NDP MP David Christopherson (Hamilton Centre, Ont.), who chairs the House Public Accounts Committee and serves as the NDP’s democratic reform critic, declined to comment on what other committees ought to be doing, but said that Public Accounts’ review of the estimates and budget process would produce recommendations that other committees ought to take into consideration.

“Every committee is the master of their own destiny, and I respect that totally,” said Mr. Christopherson.

Sen. Murray, who served as minister of state for Federal-Provincial Relations in the Cabinet of prime minister Brian Mulroney, set aside some of his harshest criticism for the devolution of Cabinet power, not only in the current government, but over the course of successive Liberal and Conservative governments. He cited prime minister Trudeau’s 1978 decision to implement austerity measures over the head of then-finance minister Jean Chrétien as a primary example.

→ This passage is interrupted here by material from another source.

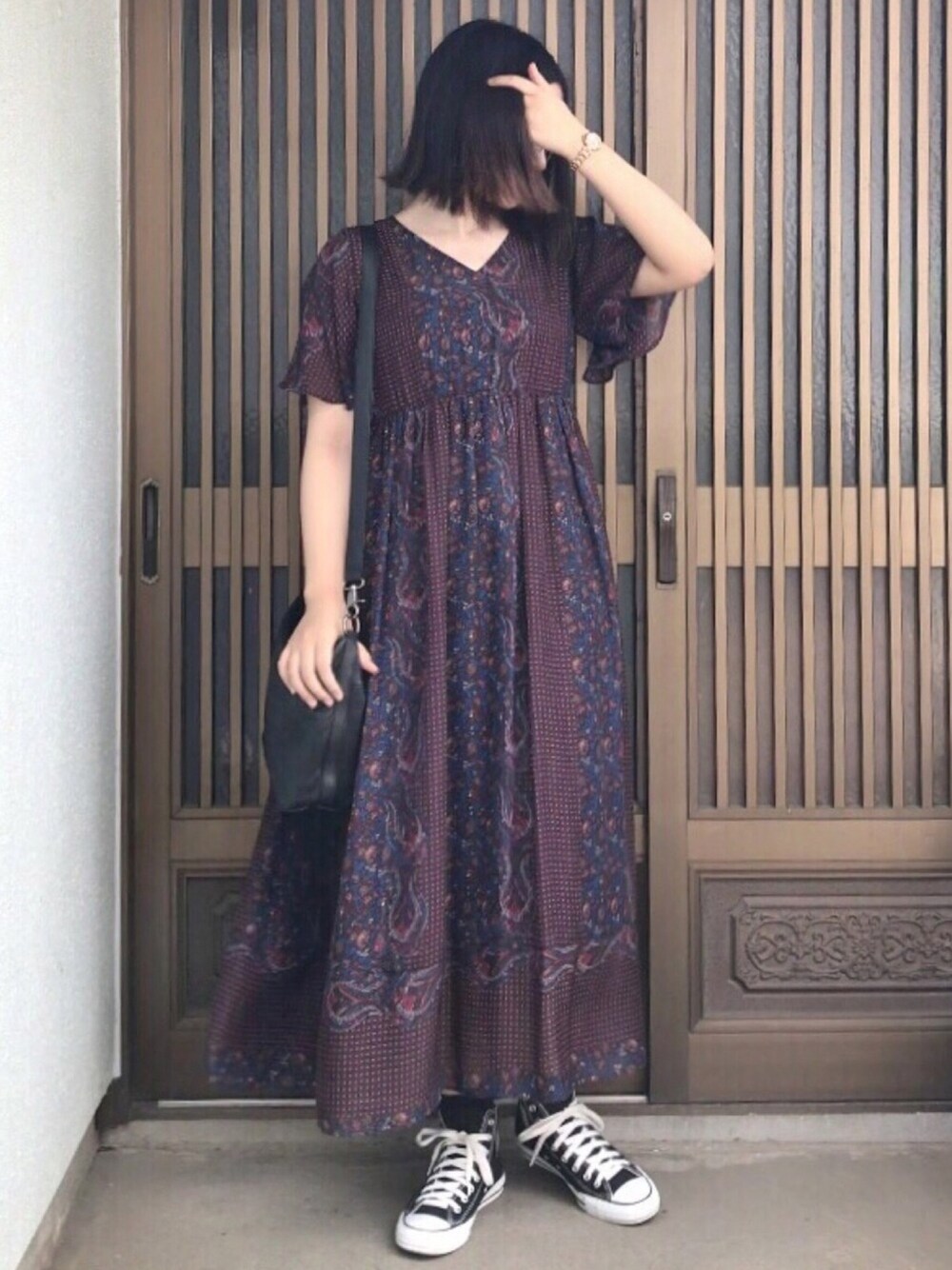 ありのワンピース「KBF+ エスニックプリントVネックワンピース」を使ったコーディネート

“[C]abinet government is not working, in a nutshell. There’s plenty of evidence of senior public servants, deputy ministers doing end-runs around their own minister, going directly to the Privy Council Office and through Privy Council to the PMO,” Sen. Murray observed. “They’re treating their ministers as ciphers, and unfortunately, the ministers allow themselves to be treated as ciphers.”

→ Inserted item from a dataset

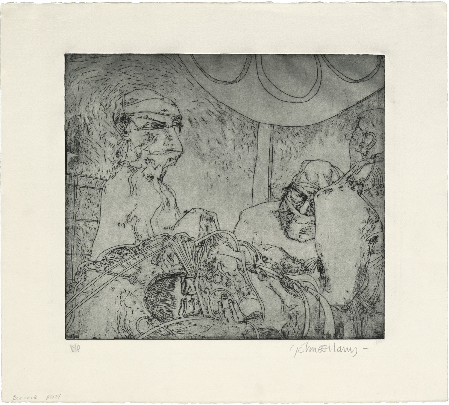 John Bellany (1942 - 2013) studied at Edinburgh College of Art from 1960-65 and at Royal College of Art, London from 1965-68. He grew up in the small fishing village of Port Seaton where his father was a fisherman and many of the images he uses symbolically come form the sea: boats, birds, fish and other sea creatures. Animals also appear in this symbolic language, sometimes with traditional meaning (artist as monkey) and sometimes personal (self portrait as dog). Fate is represented as a clock or playing cards. Throughout his career Bellany has portrayed, directly obliquely, events on his own life. Portraits, especially self-portraits are central to his work.

Sen. Murray also cited examples of ministerial staffers exercising powers and even doing “end-runs” around their bosses.

When asked to respond to Sen. Murray’s statements on Cabinet’s diminished influence, Treasury Board President Tony Clement (Parry Sound-Muskoka, Ont.) responded: “He’s entitled to his opinions as a private citizen, even if they’re misjudged and completely fallacious.”

Prof. Franks backed Sen. Murray’s account of a Cabinet that has had its power gradually devolve to unelected civil servants and staff members, describing staff as a “black hole in Canadian politics and public administration.”

“They’re lackey’s to the Prime Minister and his staff, with exceptions,” noted Prof. Franks. “I don’t think Flaherty is a lackey to anybody.”

Ultimately, said Sen. Murray, due process has eroded. “It is what makes our electoral democracy work, our parliamentary democracy work, our system of governance work. You must respect due process.”

“I think there’s been a sort of acquiescence over the years that it’s just the way things go,” David Christopherson said. “What we’re hearing from Senator Murray and others is that it’s time that we stop and gave this whole system a good shake. Is this the best democracy that we can provide for Canadians?”